Driving the news: He said it's too early to say whether the U.S. was safer now American troops have left Afghanistan, but it's "very likely" there'd be a renewal of terrorism in the region "within 12, 24, 36 months, and we're going to monitor that."
- "My military estimate is ... that the conditions are likely to develop [into] a civil war," Milley said in the interview with Fox News' Jennifer Griffin from Germany's Ramstein Air Base.
- "I don't know if the Taliban is going to be able to consolidate power and establish governance," he continued.
- "But I think there's at least a very good probability of a broader civil war and that will then in turn lead to conditions that could, in fact, lead to a reconstitution of Al-Qaeda or a growth of ISIS or other myriad terrorist groups."
Context: President Biden blamed ISIS-K for a suicide bombing that killed 60 Afghans and 13 American troops at Kabul's international airport just before the complete U.S. troop withdrawal from the country last month.

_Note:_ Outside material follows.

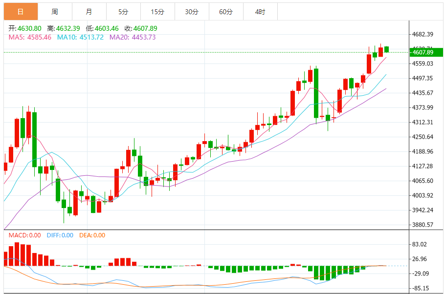 周四亚盘,黄金盘中回落至4600附近,早盘攀升至接近4615美元,并有望重新测试历史高点。由于地缘政治和经济不确定性,贵金属的上涨势头延续,交易者纷纷涌向避险资产。交易者们准备迎接周四稍晚发布的美国初请失业金人数报告。 &em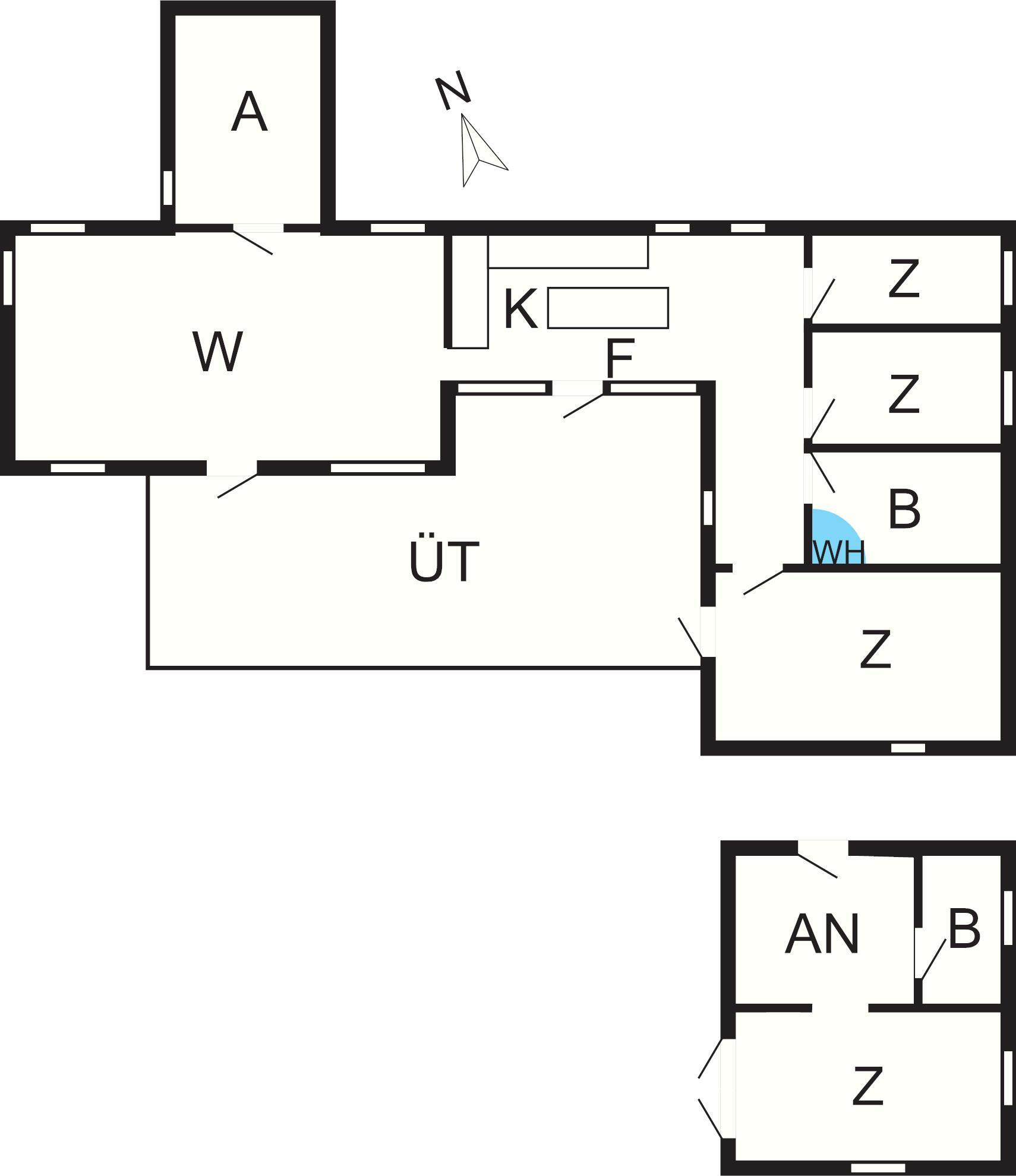 Bad mit Whirlpool und Dusche im Haus, das 1960 erbaut und 2016 umfassend renoviert und vergrößert wurde. Offener Küchen-/Essbereich und im Anschluss daran geräumiges Wohnzimmer. Außerdem stehen drei Schlafzimmer im Haus bereit. Separater Annex nebenan auf dem Grundstück mit vier Schlafplätzen, verteilt auf zwei Räume mit offener Verbindung, und eigenem Bad.

- U.S. Gen. Kenneth McKenzie warned after the blast that such attacks by the ISIS affiliate in Afghanistan would likely continue.
- American forces helped oust the Taliban from Afghanistan following the Sept. 11, 2001, terrorist attacks on the U.S. due to their links to al-Qaeda and Osama bin Laden. But the BBC notes that the Taliban is neither a centralized nor unified force.

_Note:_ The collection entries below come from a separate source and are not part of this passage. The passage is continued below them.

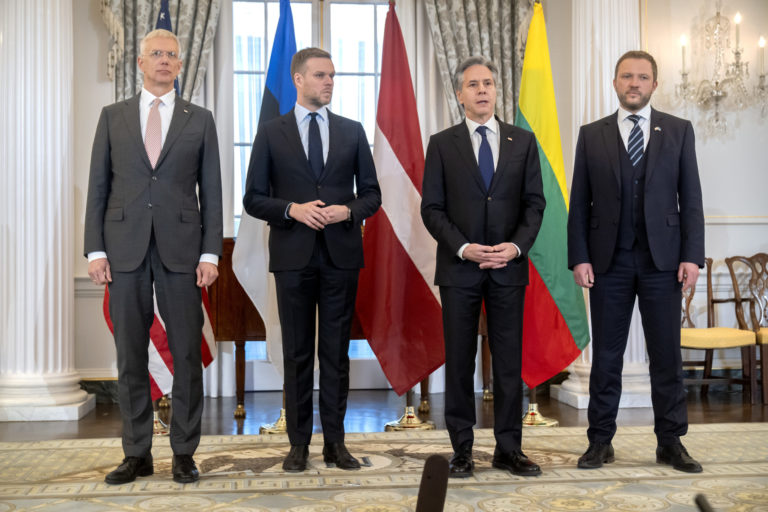 Štátny tajomník Antony Blinken (druhý sprava) a zľava sa nachádzajú: minister zahraničných vecí Lotyšska Krisjanis Karins, minister zahraničných vecí Litvy Gabrielius Landsbergis a minister zahraničných vecí Estónska Margus Tsahkna. Foto: SITA/AP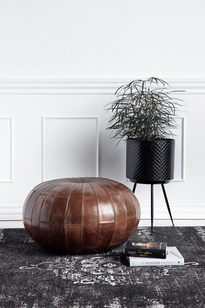 Nordal Rugby Round Leather Pouf Ø: 71 cm - Antique Brown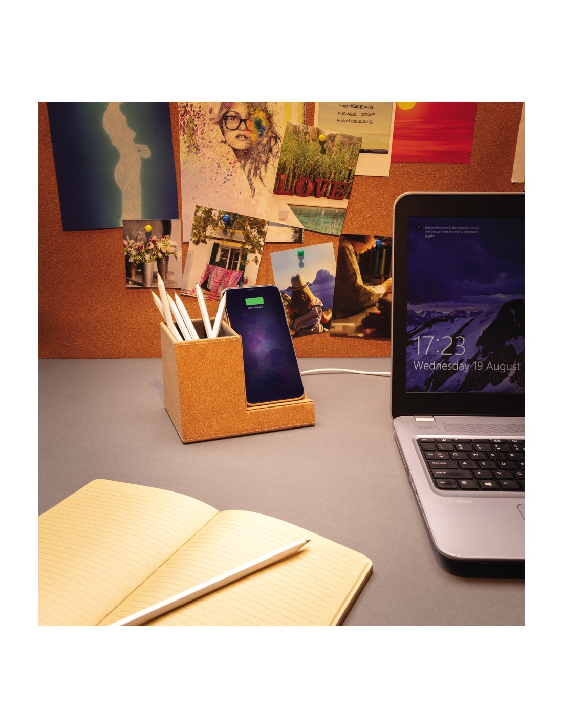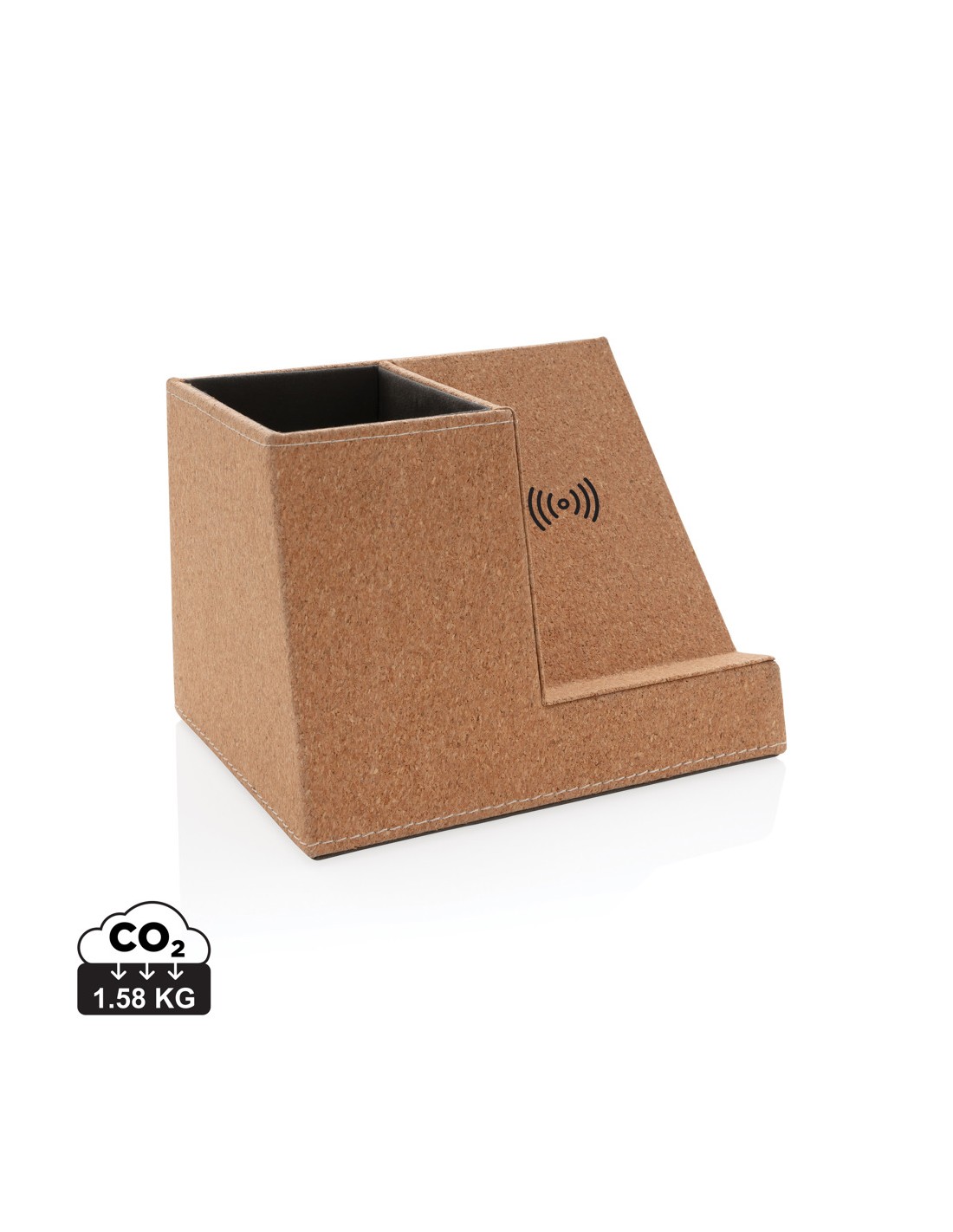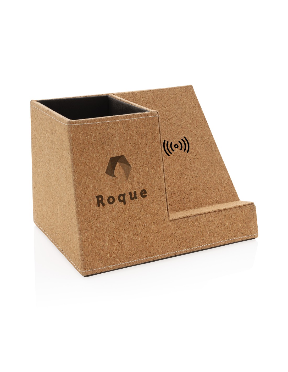 Caricabatterie wireless in bamboo e alluminio. La luce blu resta accesa durante la ricarica. Uscita: DC9V/1.1A (10W).

- Al-Qaeda's power within the group remains unclear, but the Taliban released many of Al-Qaeda's senior operatives when it captured Bagram Air Base last month.

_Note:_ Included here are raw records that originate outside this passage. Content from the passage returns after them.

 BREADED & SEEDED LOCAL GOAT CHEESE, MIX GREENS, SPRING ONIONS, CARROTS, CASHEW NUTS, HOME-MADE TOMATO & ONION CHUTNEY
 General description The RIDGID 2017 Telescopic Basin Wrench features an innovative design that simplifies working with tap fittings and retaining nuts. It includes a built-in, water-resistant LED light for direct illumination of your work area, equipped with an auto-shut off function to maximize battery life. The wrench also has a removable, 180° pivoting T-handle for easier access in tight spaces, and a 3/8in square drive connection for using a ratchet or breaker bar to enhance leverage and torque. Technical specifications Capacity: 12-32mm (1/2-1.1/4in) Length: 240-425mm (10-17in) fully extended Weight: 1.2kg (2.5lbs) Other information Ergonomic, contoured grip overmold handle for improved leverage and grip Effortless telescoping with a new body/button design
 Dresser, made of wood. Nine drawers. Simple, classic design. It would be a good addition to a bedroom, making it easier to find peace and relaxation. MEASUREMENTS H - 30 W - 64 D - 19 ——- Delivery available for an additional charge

Meanwhile, the Taliban is fighting resistant forces in the Panjshir Valley — the last holdout in Afghanistan against the group.
Of note: Milley also spoke to Griffin about security measures American officials were taking to process some 17,000 Afghan evacuees headed for the U.S. — such as registering names, conducting biometrics checks and searching 20 years of databases.
- "They've had ... I think they said a couple of hundred or something like that of popped red," Milley said.
- "Once the individual comes out as red, something is up; then they go into an individual room and start interviewing" with officials from the FBI and other agencies to look into the issues, Milley noted.
"In many of the cases, they end up getting cleared and others we have to take further measures. But I'm very comfortable that ... these folks are being properly cleared through the FBI."